* **Exercise description**
From the first line to the last, copy the material word for word; pictures stay out.

* **Information provided**
● ● ●
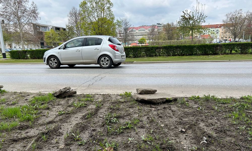 Točno preko puta ulaza u dvoranu Zrinjevac u Reisnerovoj ulici netko je postavio tri velika kamena na zelenu površinu, odmah do rubnjaka koje ju dijele s cestom. Iako je zelena površina zapravo zemlja razrovana kotačima automobila, nekome je očito dozlogrdilo uništavanje trave.
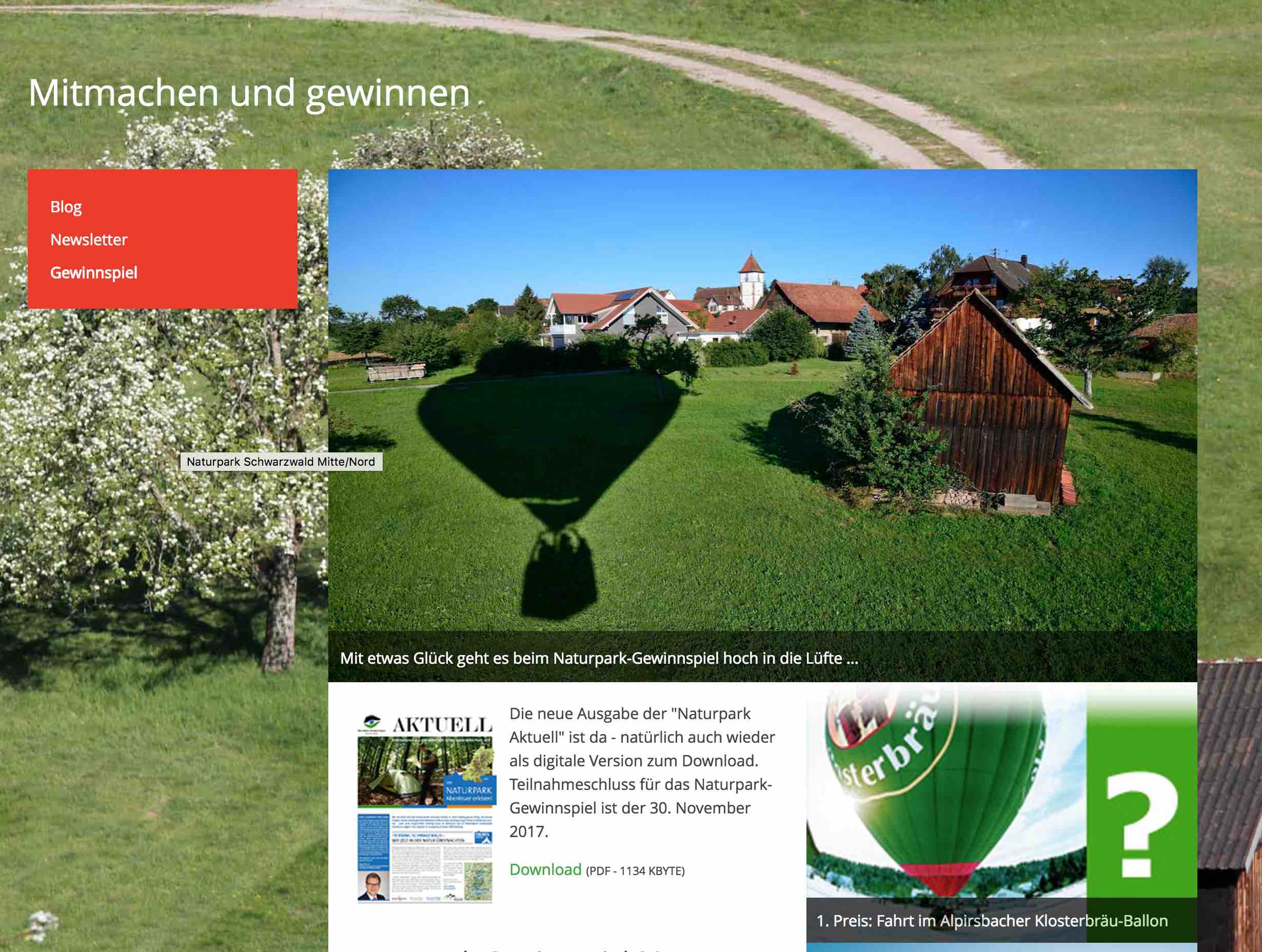 Schwarzwald Naturpark Gewinn: Ballonfahrt im "Alpirsbacher Klosterbräu"-Ballon Lösungsvorschlag: Baden-Baden, Baiersbronn und Freudenstadt- rund 70.000 Quadratmeter - Neun Teilnahmeschluss: 29.11.2017 Link: abgelaufen
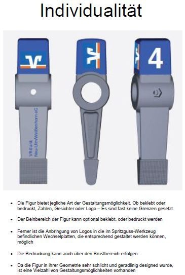 Die Figur kann auf Anfrage individuell bedruckt werden. (z.B. Firmenlogo, Spielernamen etc.)
● ● ●
* **Expected answer**
 Točno preko puta ulaza u dvoranu Zrinjevac u Reisnerovoj ulici netko je postavio tri velika kamena na zelenu površinu, odmah do rubnjaka koje ju dijele s cestom. Iako je zelena površina zapravo zemlja razrovana kotačima automobila, nekome je očito dozlogrdilo uništavanje trave.
 Schwarzwald Naturpark Gewinn: Ballonfahrt im "Alpirsbacher Klosterbräu"-Ballon Lösungsvorschlag: Baden-Baden, Baiersbronn und Freudenstadt- rund 70.000 Quadratmeter - Neun Teilnahmeschluss: 29.11.2017 Link: abgelaufen
 Die Figur kann auf Anfrage individuell bedruckt werden. (z.B. Firmenlogo, Spielernamen etc.)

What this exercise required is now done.